> _Extracted information_:
==================================================

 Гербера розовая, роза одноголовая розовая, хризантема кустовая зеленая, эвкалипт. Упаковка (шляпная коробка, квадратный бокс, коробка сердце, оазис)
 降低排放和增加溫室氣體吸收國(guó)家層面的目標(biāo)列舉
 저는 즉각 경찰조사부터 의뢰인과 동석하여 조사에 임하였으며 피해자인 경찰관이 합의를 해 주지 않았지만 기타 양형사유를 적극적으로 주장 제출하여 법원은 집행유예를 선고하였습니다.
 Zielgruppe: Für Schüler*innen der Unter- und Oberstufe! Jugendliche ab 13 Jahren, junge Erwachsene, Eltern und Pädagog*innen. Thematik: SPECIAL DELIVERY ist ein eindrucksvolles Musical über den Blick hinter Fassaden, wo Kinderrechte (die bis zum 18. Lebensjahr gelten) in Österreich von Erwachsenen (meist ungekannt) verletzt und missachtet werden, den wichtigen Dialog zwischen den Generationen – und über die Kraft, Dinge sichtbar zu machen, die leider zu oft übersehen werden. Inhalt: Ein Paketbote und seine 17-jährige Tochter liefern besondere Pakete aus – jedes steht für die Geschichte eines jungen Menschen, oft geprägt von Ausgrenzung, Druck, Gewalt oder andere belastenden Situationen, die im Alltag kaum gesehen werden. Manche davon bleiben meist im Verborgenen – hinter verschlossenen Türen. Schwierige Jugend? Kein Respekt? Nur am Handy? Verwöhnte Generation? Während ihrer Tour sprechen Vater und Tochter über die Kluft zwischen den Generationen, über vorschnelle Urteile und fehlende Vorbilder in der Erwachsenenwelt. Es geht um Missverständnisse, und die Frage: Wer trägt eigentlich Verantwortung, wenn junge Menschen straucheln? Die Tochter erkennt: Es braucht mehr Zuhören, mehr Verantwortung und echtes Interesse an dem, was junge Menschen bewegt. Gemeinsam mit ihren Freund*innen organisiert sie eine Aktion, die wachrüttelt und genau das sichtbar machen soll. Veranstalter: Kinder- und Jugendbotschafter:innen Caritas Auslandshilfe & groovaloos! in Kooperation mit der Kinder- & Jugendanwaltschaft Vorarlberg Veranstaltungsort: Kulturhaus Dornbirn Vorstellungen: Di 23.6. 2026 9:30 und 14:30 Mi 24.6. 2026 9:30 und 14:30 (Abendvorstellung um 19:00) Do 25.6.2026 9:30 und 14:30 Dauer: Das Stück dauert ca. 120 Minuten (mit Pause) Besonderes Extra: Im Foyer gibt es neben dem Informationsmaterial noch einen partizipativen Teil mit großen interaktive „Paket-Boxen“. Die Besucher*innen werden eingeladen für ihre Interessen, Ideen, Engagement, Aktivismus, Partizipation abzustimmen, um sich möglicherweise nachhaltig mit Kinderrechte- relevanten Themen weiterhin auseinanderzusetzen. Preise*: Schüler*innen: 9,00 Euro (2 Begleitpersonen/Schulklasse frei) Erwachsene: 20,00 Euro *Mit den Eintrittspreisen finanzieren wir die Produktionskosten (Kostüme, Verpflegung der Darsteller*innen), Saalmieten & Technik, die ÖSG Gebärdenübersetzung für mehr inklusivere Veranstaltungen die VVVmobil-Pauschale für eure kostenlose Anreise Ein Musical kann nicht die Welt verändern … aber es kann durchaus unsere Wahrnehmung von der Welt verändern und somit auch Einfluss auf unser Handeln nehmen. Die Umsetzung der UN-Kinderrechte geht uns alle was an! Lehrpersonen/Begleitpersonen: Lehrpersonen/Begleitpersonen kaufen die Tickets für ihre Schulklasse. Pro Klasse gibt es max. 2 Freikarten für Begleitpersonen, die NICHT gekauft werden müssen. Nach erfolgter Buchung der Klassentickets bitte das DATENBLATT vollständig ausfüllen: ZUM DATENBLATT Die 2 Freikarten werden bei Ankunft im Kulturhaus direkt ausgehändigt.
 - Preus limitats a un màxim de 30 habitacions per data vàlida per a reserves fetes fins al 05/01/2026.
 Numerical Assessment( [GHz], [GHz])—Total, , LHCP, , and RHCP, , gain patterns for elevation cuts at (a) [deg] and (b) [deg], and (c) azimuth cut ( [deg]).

==================================================

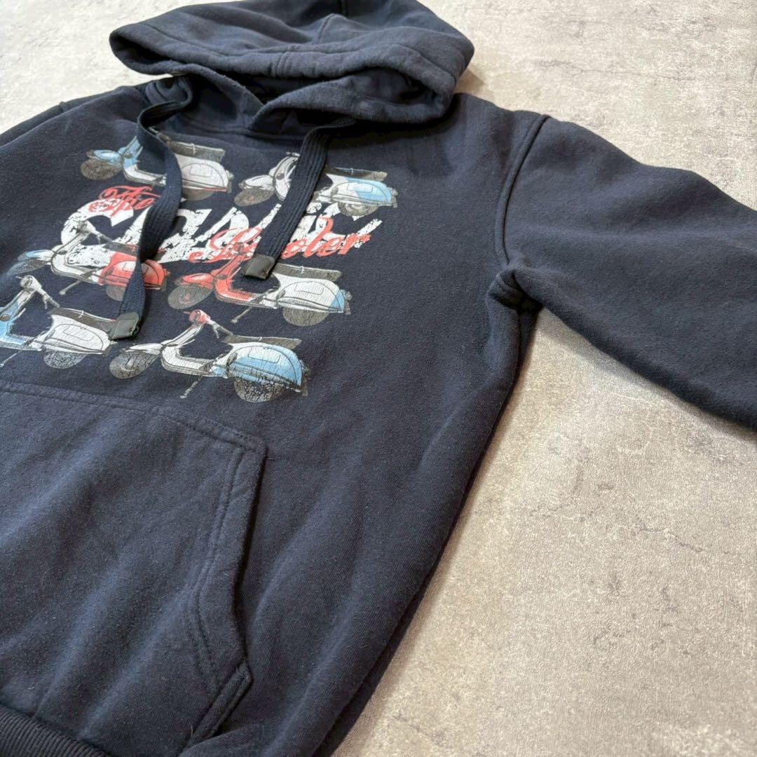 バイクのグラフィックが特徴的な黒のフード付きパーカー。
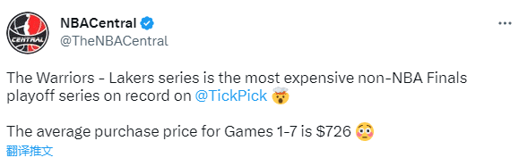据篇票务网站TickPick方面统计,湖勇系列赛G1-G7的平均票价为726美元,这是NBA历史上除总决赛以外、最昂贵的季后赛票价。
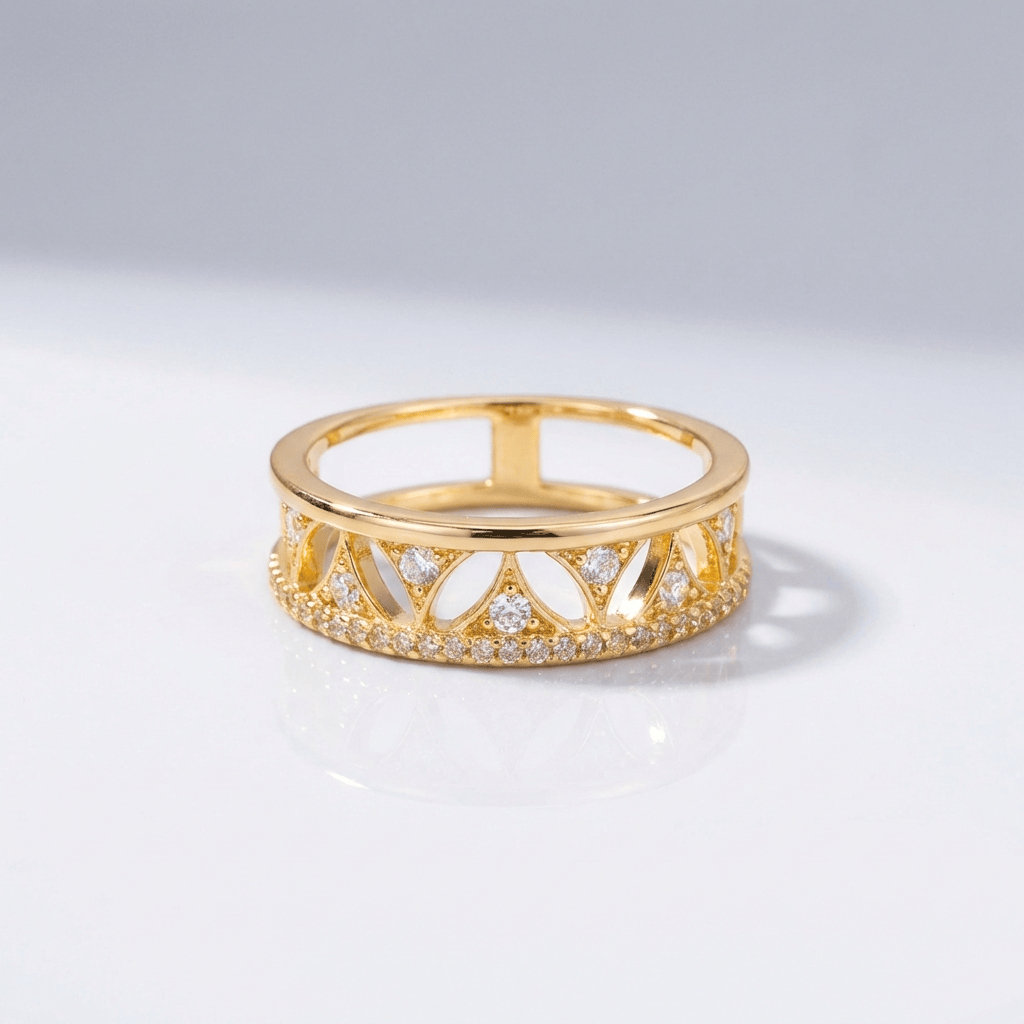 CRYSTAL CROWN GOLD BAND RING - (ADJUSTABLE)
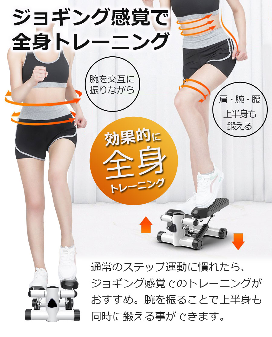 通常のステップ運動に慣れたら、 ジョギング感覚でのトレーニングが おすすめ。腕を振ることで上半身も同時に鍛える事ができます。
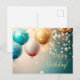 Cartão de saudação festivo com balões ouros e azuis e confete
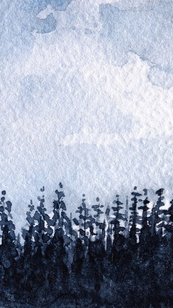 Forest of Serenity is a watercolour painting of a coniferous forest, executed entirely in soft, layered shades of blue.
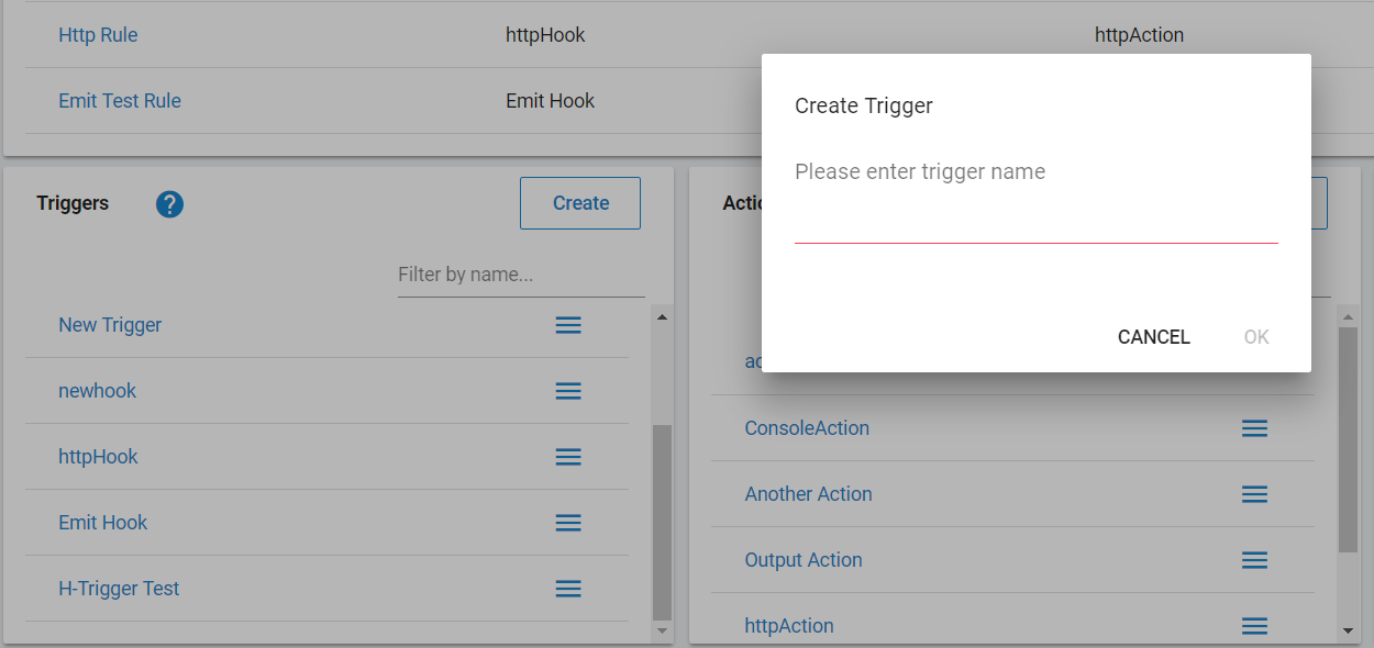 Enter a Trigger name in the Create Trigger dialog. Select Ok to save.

==================================================

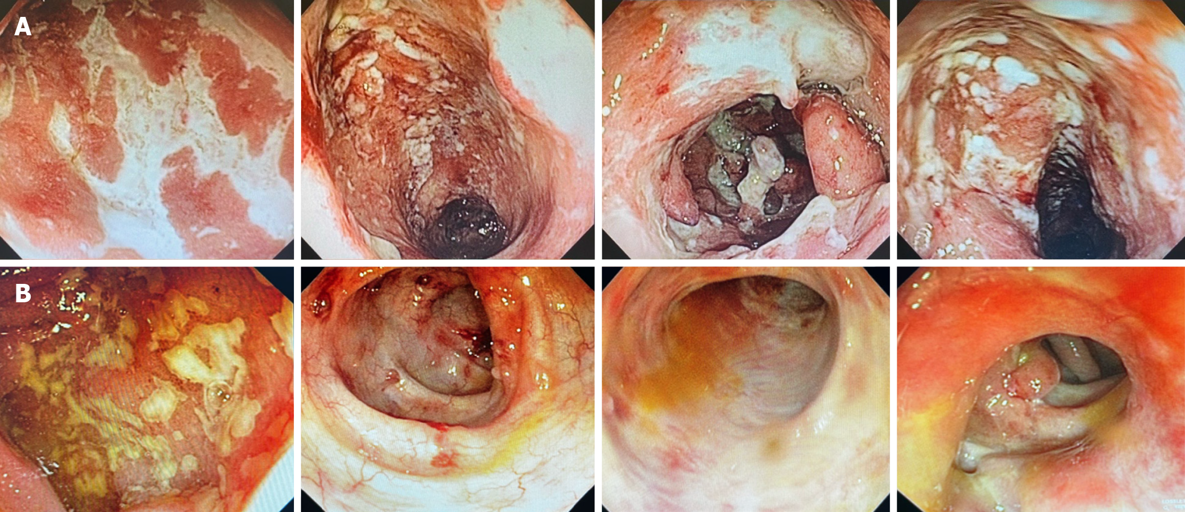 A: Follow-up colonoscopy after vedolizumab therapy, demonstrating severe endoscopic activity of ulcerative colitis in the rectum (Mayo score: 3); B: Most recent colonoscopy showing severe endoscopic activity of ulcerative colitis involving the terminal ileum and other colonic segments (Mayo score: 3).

==================================================

> _Work instructions_:
Write out exactly the run of lines above that starts at the line containing "バイクのグラフィックが特徴的な黒のフード付きパーカー。" and ends at the line containing "Enter a Trigger". Include both, and leave the pictures out.

> _Result of this task_:
 バイクのグラフィックが特徴的な黒のフード付きパーカー。
据篇票务网站TickPick方面统计,湖勇系列赛G1-G7的平均票价为726美元,这是NBA历史上除总决赛以外、最昂贵的季后赛票价。
 CRYSTAL CROWN GOLD BAND RING - (ADJUSTABLE)
 通常のステップ運動に慣れたら、 ジョギング感覚でのトレーニングが おすすめ。腕を振ることで上半身も同時に鍛える事ができます。
 Cartão de saudação festivo com balões ouros e azuis e confete
 Forest of Serenity is a watercolour painting of a coniferous forest, executed entirely in soft, layered shades of blue.
 Enter a Trigger name in the Create Trigger dialog. Select Ok to save.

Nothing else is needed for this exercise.